In conclusion, prolonged antibiotic treatment did not lead to a better quality of life in people with chronic Lyme disease. Overall participants from all three groups informed of physical and mental progress but no significant difference was found in any of the three groups. After treatment ended the patients were also subjected to a 26-week follow-up and even it did not provide any conflicting observations.
Earlier studies were found to be consistent with current results. Dr. Charles Ericsson, head of clinical infectious diseases at McGovern Medical School at UTHealth and member of the Memorial Hermann-Texas Medical Center, said, “This is sort of a further nail in the coffin in the controversy over chronic Lyme disease, or whatever you want to call it when people who have had Lyme disease have residual symptomatology.”
The trial listed several limitations. For one, they did not carry out a complete placebo effect trial as the patients were given antibiotics for the first two weeks. The study compared long-term therapy with short-term therapy rather than placebo. Secondly, it is possible the B. burgdorferi infection had still been active in some of the patients, leading to improvement following the drug treatment. Thirdly, it is not ethical to withhold the available treatment from diseased individuals unless the actual cause and mode of action of the disease is scientifically known.
Patients were chosen on the basis persistent symptoms manifestation such as bone pain, arthritis, arthralgia, neuralgia, sensory disturbances, dysesthesia, neuropsychological or cognitive disorders, and persistent fatigue. The patients were also tested to confirm they were infected with the B. burgdorferi infection and were recruited from 2010 till 2013. The patients completed questionnaires asking about their symptoms, fitness level, quality of life and well-being, before and after the treatment period. The questionnaires were filled at 26, 40 and 52 weeks of the treatment period.
Generally, the research concluded antibiotics are not the answer for chronic Lyme disease.
“We don’t really know what is the cause of this syndrome,” Dr. Kullberg said. “It could be an immune response to the prior infection, sensitization to the infection or genetic variation that makes them sensitive to prolonged symptoms after an infection. But the answer may not be found in prescribing a prolonged course of antibiotics.”

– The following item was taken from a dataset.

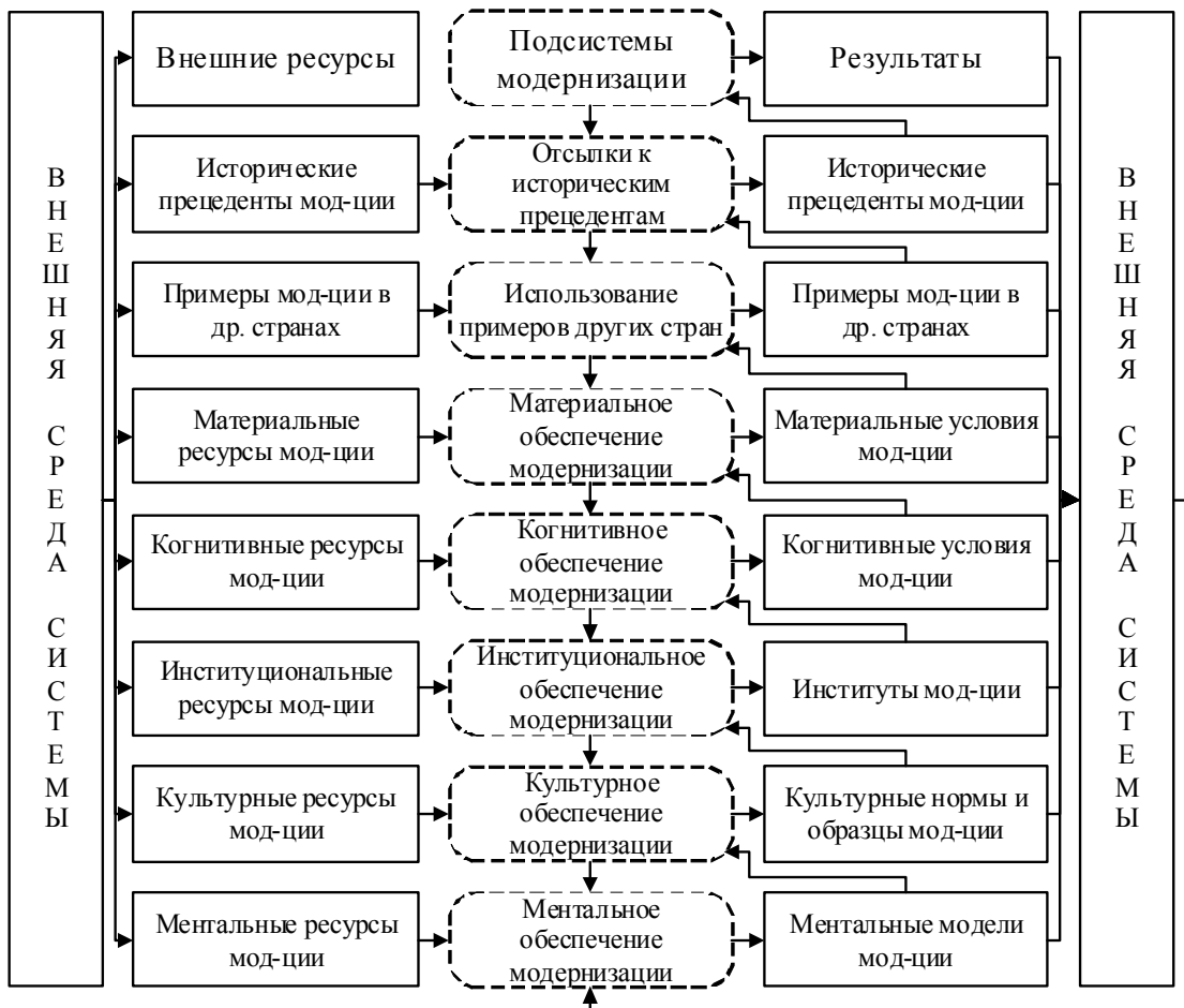
Рис. 1. Функциональная структура комплексной модернизации [12]

Если рассматривать страновую модернизацию как систему, эту структуру необходимо специфицировать, уточнив свойственные именно для такой системы элементы ее внутренней структуры и, входы и выходы функциональных подсистем. Результаты представлены на рис. 1.

Lyme disease is a major disease in the U.S. and the CDC reports from 2001 till 2010, the most affected groups were 5-10 year old girls and 40-50 year old men, followed by 20-30 years old men. 70 percent of affected individuals develop Erythema Migrans, while Arithritis forms in 30 percent of diseased people. In the same way, nine percent of those infected progress to Bell’s palsy, and one percent get cardiac problems or Meningitis. For reasons unknown, in 2009 the incidence of Lyme disease increased the most in the U.S. and especially more cases are reported annually between the months of June and July, while the least are reported in December and January.